研究課題
本研究課題では転写活性化に関与するヒストンのアセチル化に着目し、クロマチンの最小構造単位であるヌクレオソームコアのアセチル化によって誘導される構造やゆらぎの変化を明らかにすることを目的としている。昨年度までの研究においてアセチル化されたヌクレオソームはアセチル化によって構造安定性が低下することが示唆された。そのため、本年度は、アセチル化された部位の同定法の検討と、構造変化をMDシミュレーションによって明らかにする上でのセットアップを行った。
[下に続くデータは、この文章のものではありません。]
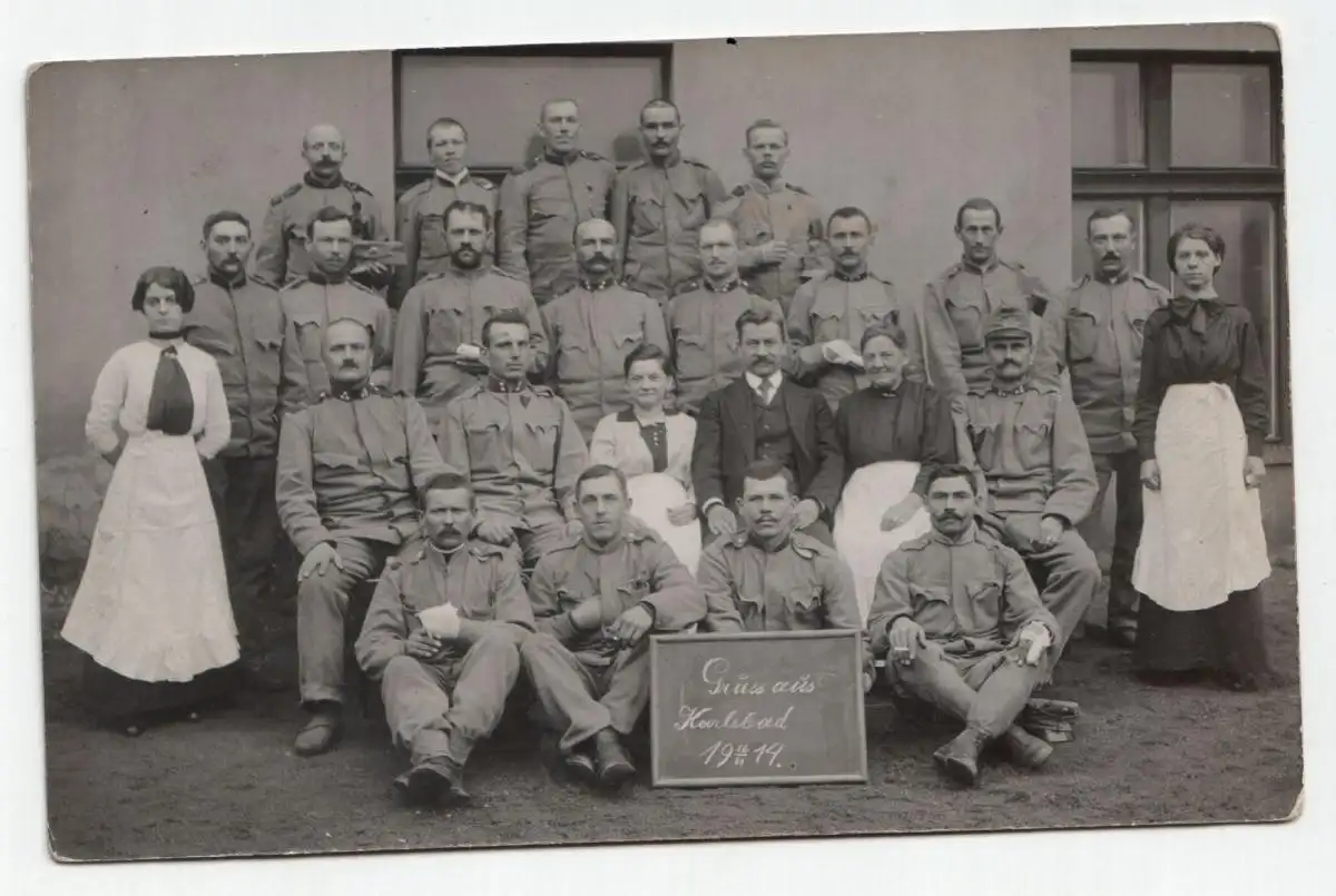 Grüss aüs Karlsbad 1914. Gruppe von Leuten.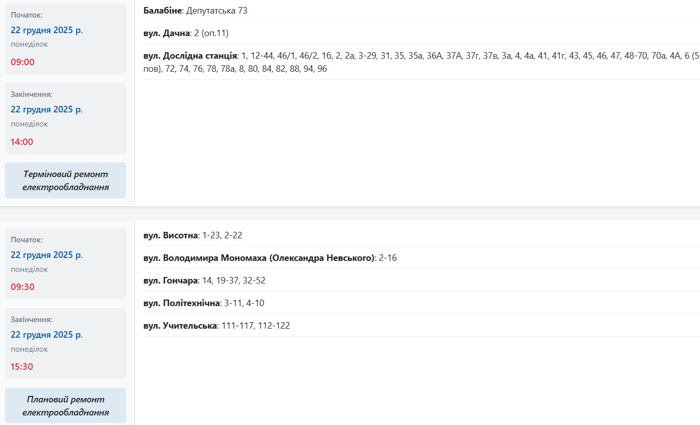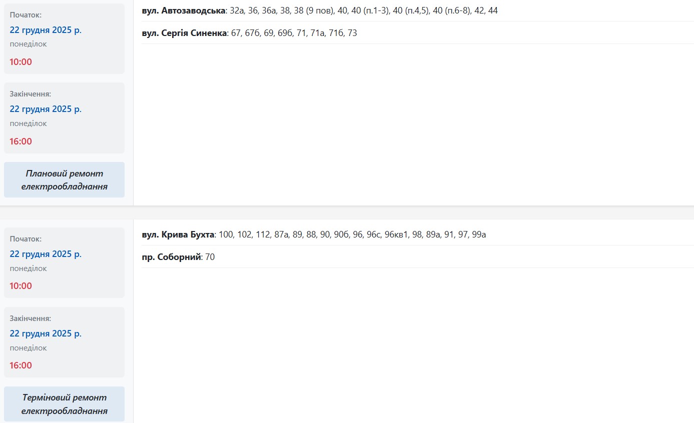 Також із 10:00 до 16:00 ремонт електрообладнання проводитимуть за наступними адресами: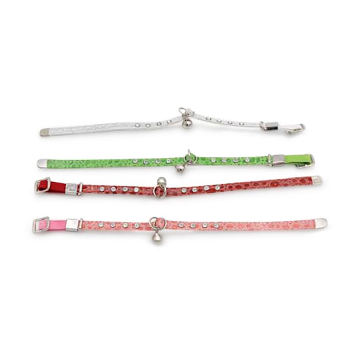 Περιλαίμιο για γάτες με στρας και κουδουνάκι. Κλείνει με πόρπη ώστε να μπορείτε να το ρυθμίσετε στο μήκος που θέλετε.nbsp; Το προϊόν διατίθεται σε διάφορα χρώματα και η επιλογή χρώματος γίνεται τυχαία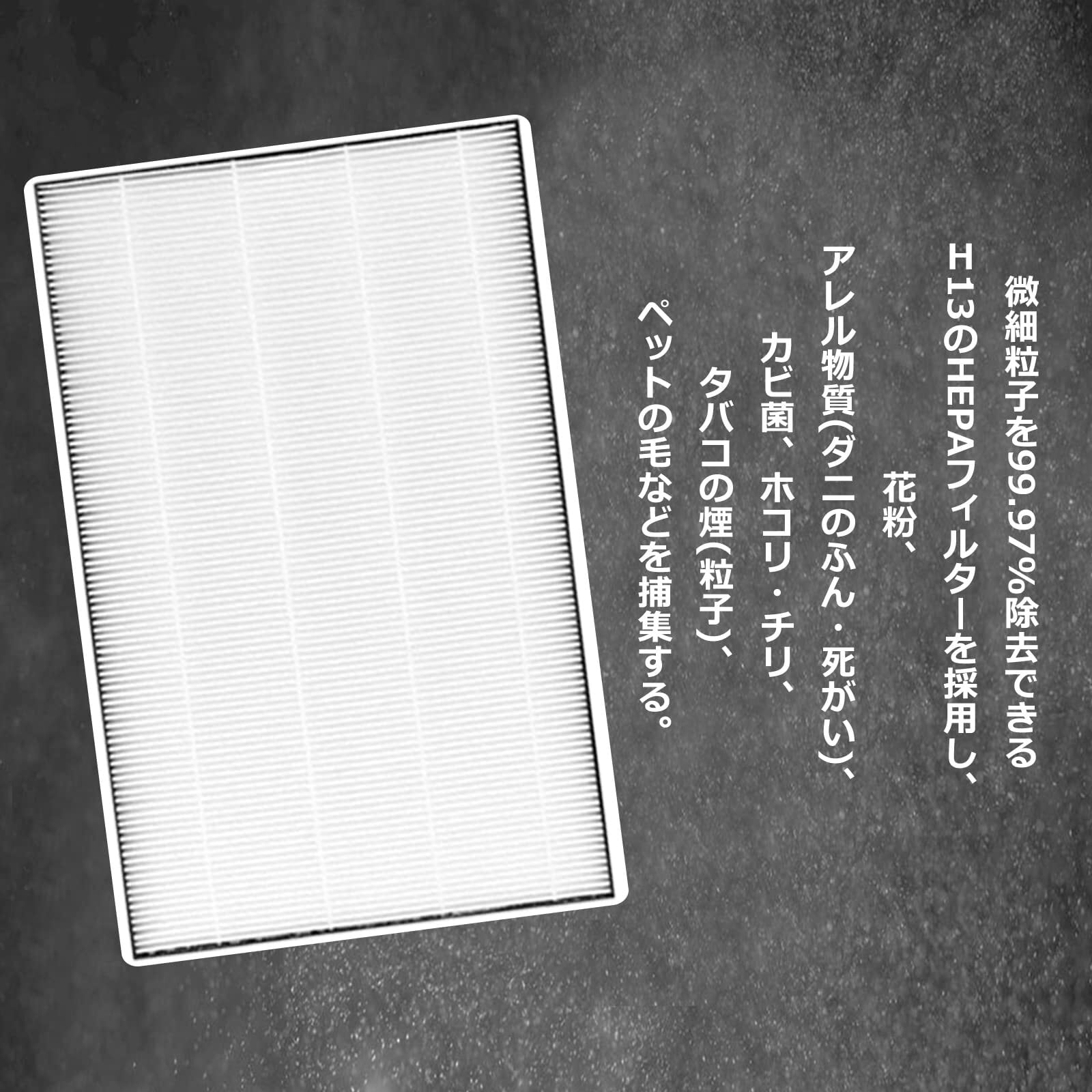 ・集塵フィルターは微細粒子を99.97%除去できるH13のHEPAフィルターを採用し、花粉、アレル物質(ダニのふん・死がい)、カビ菌、ホコリ・チリ、タバコの煙(粒子)、ペットの毛などを捕集する。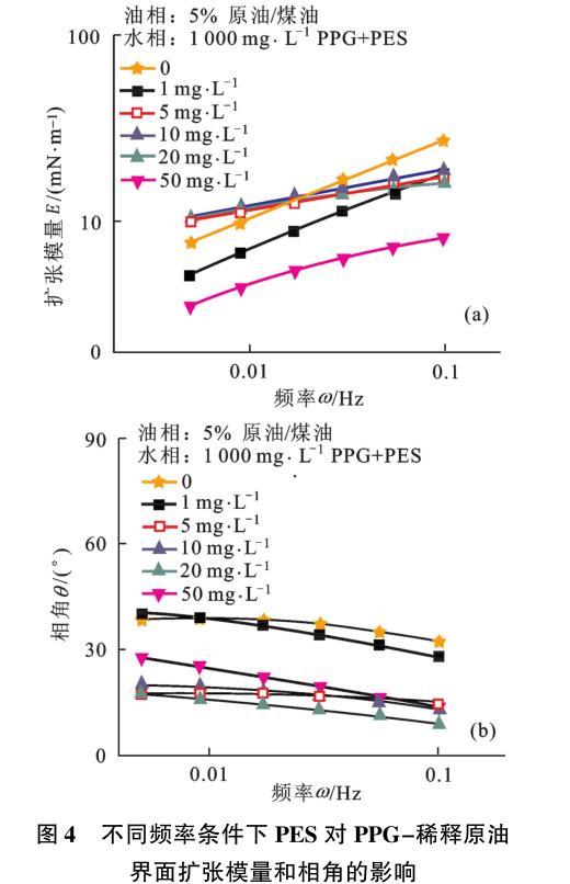 图4不同频率条件下PES对PPG-稀释原油界面扩张模量和相角的影响

まず、アセチル化部位を同定するために、配列解析手法を検討した。従来、タンパク質の1次構造解析を行う際、酵素消化したサンプルを質量分析で同定するボトムアップ法が用いられる。しかし、主に用いられる消化酵素であるトリプシンはリジンやアルギニンを認識し断片化するために、塩基性アミノ酸の多いヒストンのテイル領域の解析には向いていない。そのため、タンパク質を丸ごと質量分析内で壊すトップダウン法の一つであるMALDI-ISDによる配列解析を行った。その結果、ヒストンのテイル領域に対応するフラグメントイオンが顕著に観測されることがわかった。さらに、アセチル化したヒストン、ヌクレオソームでも解析を行ったが、それぞれのサンプルにおいてテイル領域の配列情報を得ることができた。現在はこの方法をアセチル化されたヌクレオソームに応用する条件を検討している。また、ヌクレオソームの構造変化をMDシミュレーションによって解析するために、塩濃度の異なる条件で溶液中のMDシミュレーションを行った。その結果、塩濃度の変化はヌクレオソームのコア構造には影響を与えないが、テイル領域の多様性に影響を与えることがわかった。現在は500mMのシミュレーションを行っているので、より高い塩濃度における変化とアセチル化されたヌクレオソームのシミュレーションへ発展させていく予定である。
2: おおむね順調に進展している
これまで行ってきた方法では、ヒストンテイル領域の部分的な配列しか得られなかったのに対し、今年度確立した方法では、テイル領域の全領域の情報が得られることになった。そのため、アセチル化部位を同定する準備ができたと考えている。また、異なる塩濃度におけるヌクレオソームのMDシミュレーションを行った。このため、実験だけでなく計算手法からもアセチル化によるヌクレオソームの構造変化を解析することができるようになった。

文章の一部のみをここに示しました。